Wenn man dann sich so in den entsprechenden Welten so umschaut, dann erscheint einem tatsächlich der andauernde Palaver vor allem deshalb so andauernd zu sein, damit es die eigene Unruhe vor sich selbt übertönt.
„Die Bildungsidee ist dazu prädestiniert, weil sie – ähnlich wie der Rassewahn – vom Individuum bloß ein Minimum verlangt, damit es die Gratifikation des kollektiven Narzißmus gewinne; es genügt schon der Besuch einer höheren Schule, gelegentlich bereits die Einbildung, aus guter Familie zu stammen. Die Attitüde, in der Halbbildung und kollektiver Narzißmus sich vereinen, ist die des Verfügens, Mitredens, als Fachmann sich Gebärdens, Dazu-Gehörens.“
Band 8: Soziologische Schriften I: Theorie der Halbbildung.
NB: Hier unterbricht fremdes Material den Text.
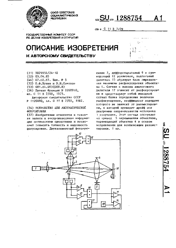 Устройство для автоматической фокусировки / Бузин О. Ф., Соколов В. Н. // Описания изобретений (ретрофонд) / Комитет по патентам и товарным знакам России. – М., 2003. – 1987, № 1. — (Патенты России). — Загл. с титул. экрана. — Систем. требования: Acrobat Reader. — Режим доступа: ftp://smolensklib.ru/bd/patent_ru/pt1288754.pdf. — <URL:ftp://smolensklib.ru/bd/patent_ru/pt1288754.pdf>.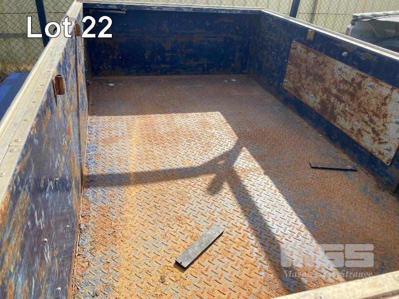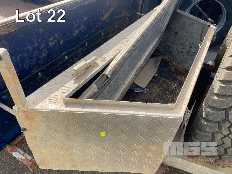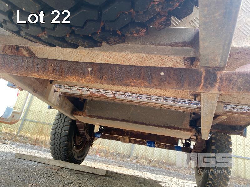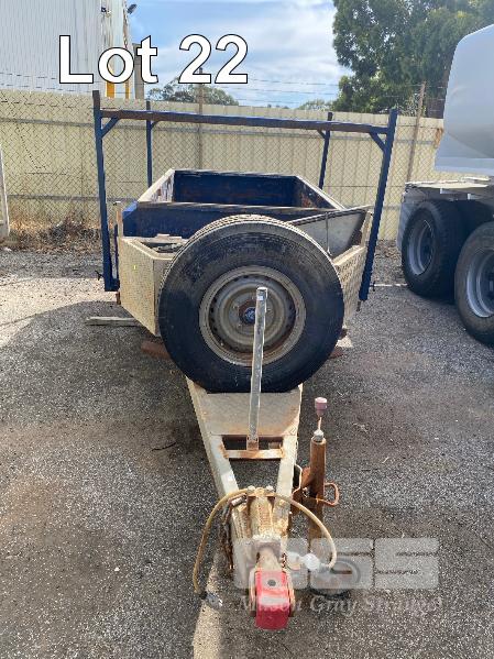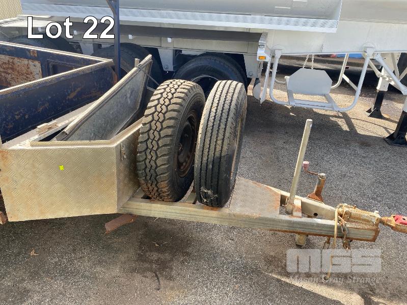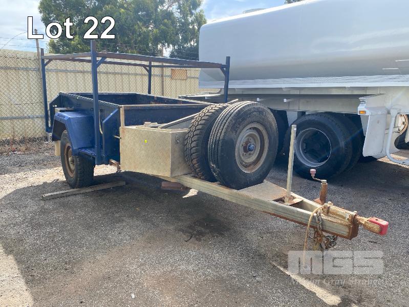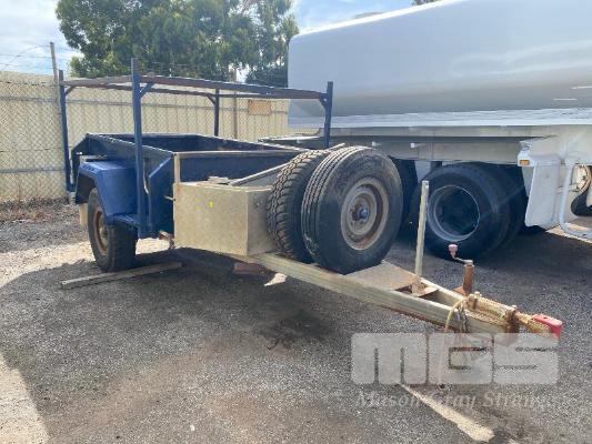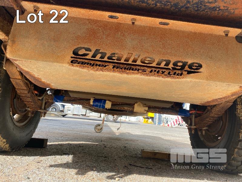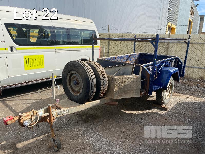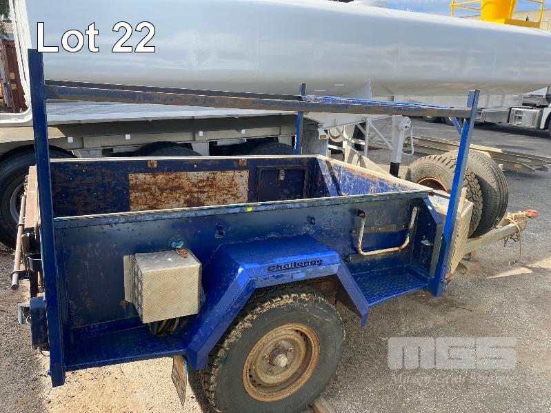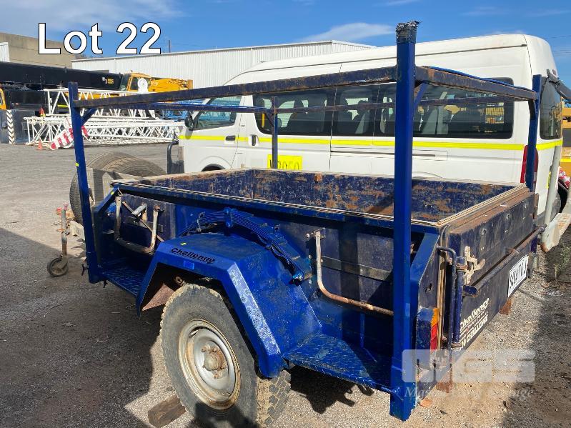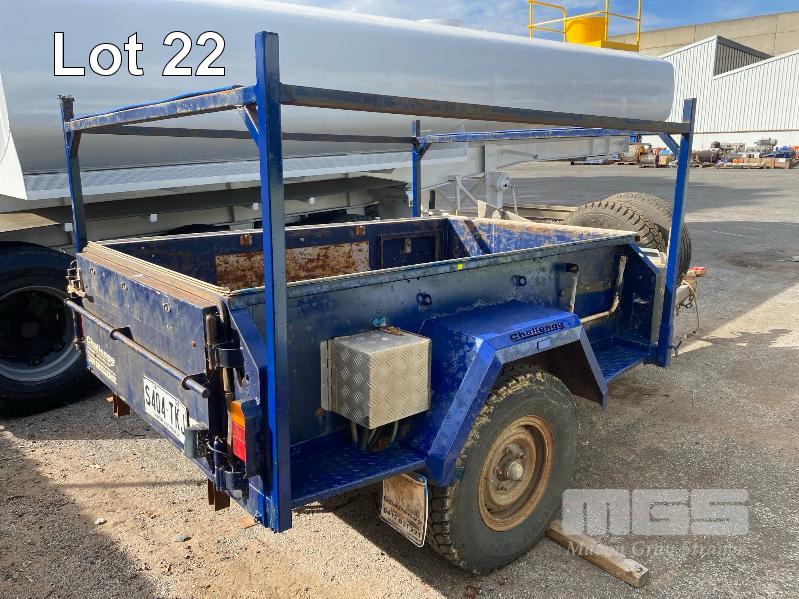 2013 CHALLENGE OFF ROAD TRAILER, SINGLE AXLE, 6.8x4ft REG: S404 TKJ (SA) VIN: 6T9T2000SD01ZZ075 TRAILER SIZE: 2100 x 1220mm, BLUE, UNIVERSAL PIN HITCH 2 x SPARE WHEELS OVERHEAD CARRY RACK CHECKER PLATE STEEL FLOOR ALLOY TOOL BOX "A" FRAME MOUNTED JOCKEY WHEEL REAR HINGED TAILGATE WITH REGISTRATION PAPERS

Theodor W. Adorno: Gesammelte Schriften, S. 4927. (vgl. GS 8, S. 114-115).
Genau das kommt hinzu. Es wird befeuert von den „entsprechenden“ Sprachführern ihrer Ideen. Wenn man sich in dem Zusammenhang zurückerinnert, jetzt mal so netztechnisch gesehen, was in den alten newsgroups hart gestritten wurde und was in den Öffentlichkeiten der unternehmensgeführten Arbeitsgruppen (also Facebook und Co) gerade nicht gestritten wird sondern häufig nur aufeinanderprallt, weil „man es kann“, wird man eher zur Ansicht neigen. Besser geworden ist es nicht in einer Welt in der beispielsweise sogar eine Beatrix von Stroch als Fachfrau akzeptiert ist. Aber auch in einer Welt in der trostlose Praxis sich als irgendwie medizinisch verkaufen kann.
Und es kommt zur absurden Situation, dass beispielsweise der halbgebildete Arzt von einem halbgebildeten Laien in der Sache in die Schuhe gestellt werden kann. Innerhalb weniger Bemühungen beim Durchgraben der Welt des Wissens im Netz.
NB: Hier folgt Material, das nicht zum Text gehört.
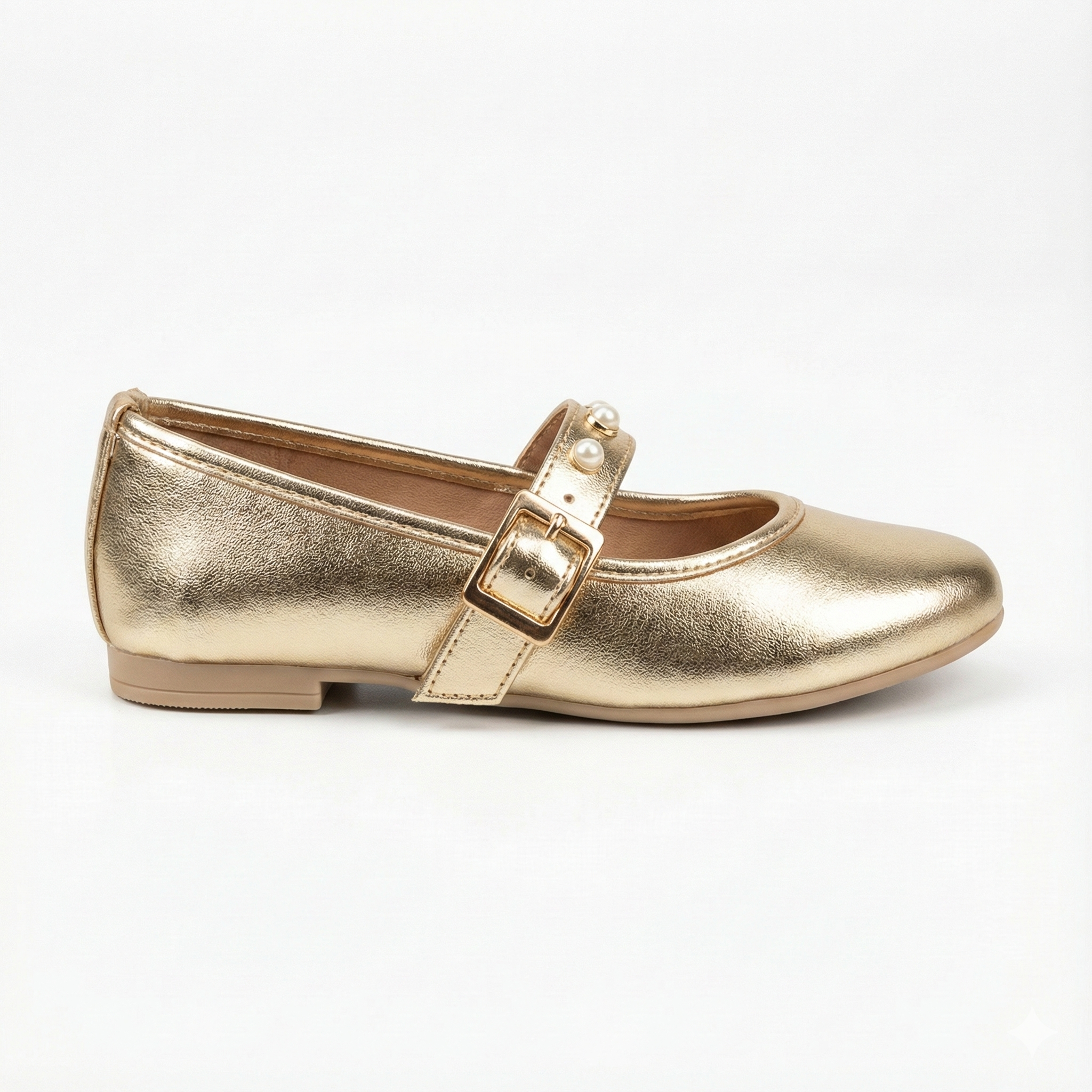 💎 Detalles de Joyería: La correa viene decorada con perlas y una hebilla dorada, convirtiendo el zapato en un verdadero accesorio de moda.

Wikipedia reicht heute als „höhere Schule“ hin. Und ist wahrscheinlich sogar höhere Schule als damals. Dabei ist die Wikipedia im Kern wie jede Enzyklopädie der aktuell größte Tempel der Halbbildung.
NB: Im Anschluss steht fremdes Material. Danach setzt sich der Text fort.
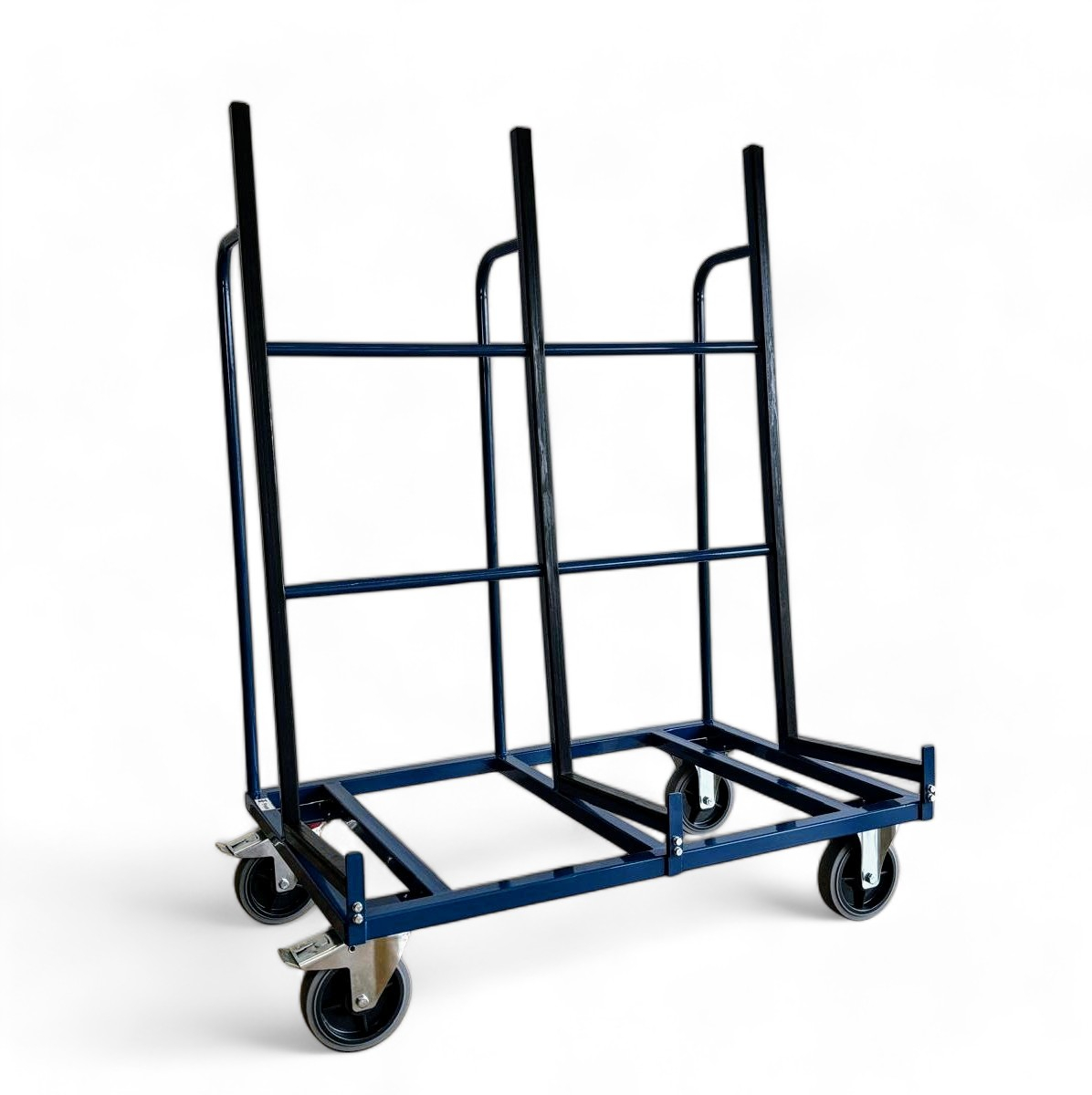 FRAMI enkelzijdige glas- en platenwagen 1300×800 mm, nuttige breedte laadvlak: 420mm. Hart op hart maat tussen de laadvlakken is 630 mm. Hoogte staanders 1450 mm. De profielen zijn bekleed met rubber. Draagvermogen 1200 kg. Uitgevoerd met 2 zwenkwielen met rem en 2 bokwielen. Wielen met grijze TPR band en kogellagers. Afwerking: poedercoating blauw ral 5001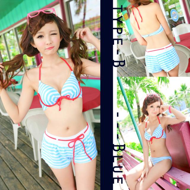 DABADA(ダバダ) ホルターワイヤービキニ 3点セット パット付き ボーダー柄/フリル レディース水着 レビュー投稿でビーチサンダルGET 送料無料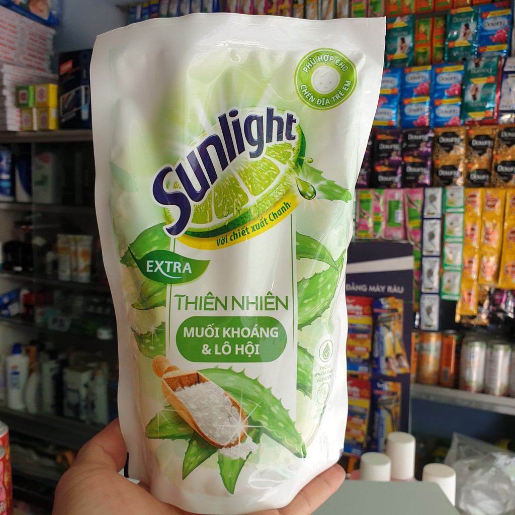 Nước Rửa Chén Sunlight Thiên Nhiên dạng chai kết hợp các thành phần chiết xuất chanh tươi, muối khoáng tự nhiên và tinh chất lô hội trong từng giọt, giúp đánh bay dầu mỡ nhanh chóng mà vẫn an toàn, dịu nhẹ với da tay. Hương thơm nhẹ nhàng, thanh khiết cho chén bát luôn thơm mát dài lâu.,Tính năng nổi trội • Làm từ thành phần tự nhiên được nhập khẩu: 100% lô hội và muối khoáng nhập từ Đức và nước cốt của những trái chanh nhập khẩu từ Anh. • Dịu nhẹ với da tay*, vì có chứa muối khoáng thiên nhiên (loại muối được sử dụng trong spa để tẩy tế bào chết, ngoài ra có công dụng làm ẩm và làm đều da) được chứng nhận bởi Viện Da Liễu Trung Ương. *Thử nghiệm và chứng nhận bởi viện Da Liễu Trung Ương.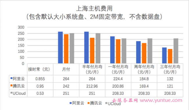 鉴于每月一付和年付时阿里云、腾讯云和UCloud的费用相差不大,在考虑性能的情况下,UCloud性价比要更高。前往查看UCloud云主机促销活动>>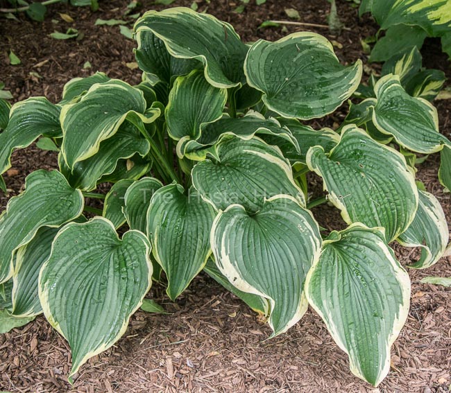 This hybrid of H. 'Christmas Tree' × H. 'Donahue Piecrust' was originated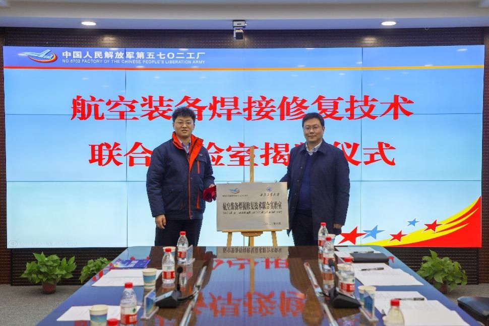 会议最后,在工厂机关单位代表见证下,吴雪猛与李恒共同为“航空装备焊接修复技术联合实验室”揭牌。

„Weil jedoch Halbbildung gleichwohl an die traditionellen Kategorien sich klammert, die sie nicht mehr erfüllt, so weiß die neue Gestalt des Bewußtseins unbewußt von ihrer eigenen Deformation. Darum ist Halbbildung gereizt und böse; das allseitige Bescheidwissen immer zugleich auch ein Besserwissen-Wollen. Ein halbgebildetes Slogan, das einmal bessere Tage gesehen hat, ist Ressentiment; Halbbildung selber aber ist die Sphäre des Ressentiments schlechthin, dessen sie jene zeiht, welche irgend noch einen Funken von Selbstbesinnung bewahren. Unverkennbar das destruktive Potential der Halbbildung unter der Oberfläche des herrschenden Konformismus. Während sie fetischistisch die Kulturgüter als Besitz beschlagnahmt, steht sie immerzu auf dem Sprung, sie zu zerschlagen.“
Band 8: Soziologische Schriften I: Theorie der Halbbildung. Theodor W. Adorno: Gesammelte Schriften, S. 4930. (vgl. GS 8, S. 116). Hervorhebung von mir.
Ein Problem dabei ist leider auch die audauernde Hoffnung, gegen Dummheit und Autoritarismus helfe Bildung. So viel ist daran wahr, dass Bildung nicht zum Schaden wird, wenn sie denn greift. Die Bildung jedoch, die sich nur Facetten ihrer Dichte und Tiefe erreicht, tut dies nicht. Bildungssystemarme Gesellschaften sind ja nicht unbedingt autoritärere.
Nur: Was gehört dann wirklich in einen Kanon der Bildungsidee? Oder wäre das der Begriff von Bildung, der seinem eigenen Verständnis eben entgegensteht. Ist Bildung dann nicht eher nur zu verstehen als das, was nicht im Kanon aufgeht, sondern in seiner Bewegung und seiner andauernden Kritik. Und ist es nicht genau das auch, was diesen Begriff von Bildung von dem unterscheidet, der sich im Autoritarismus beispielsweise der Faschist:innen von links, von rechts und aus der Mitte ausdrückt?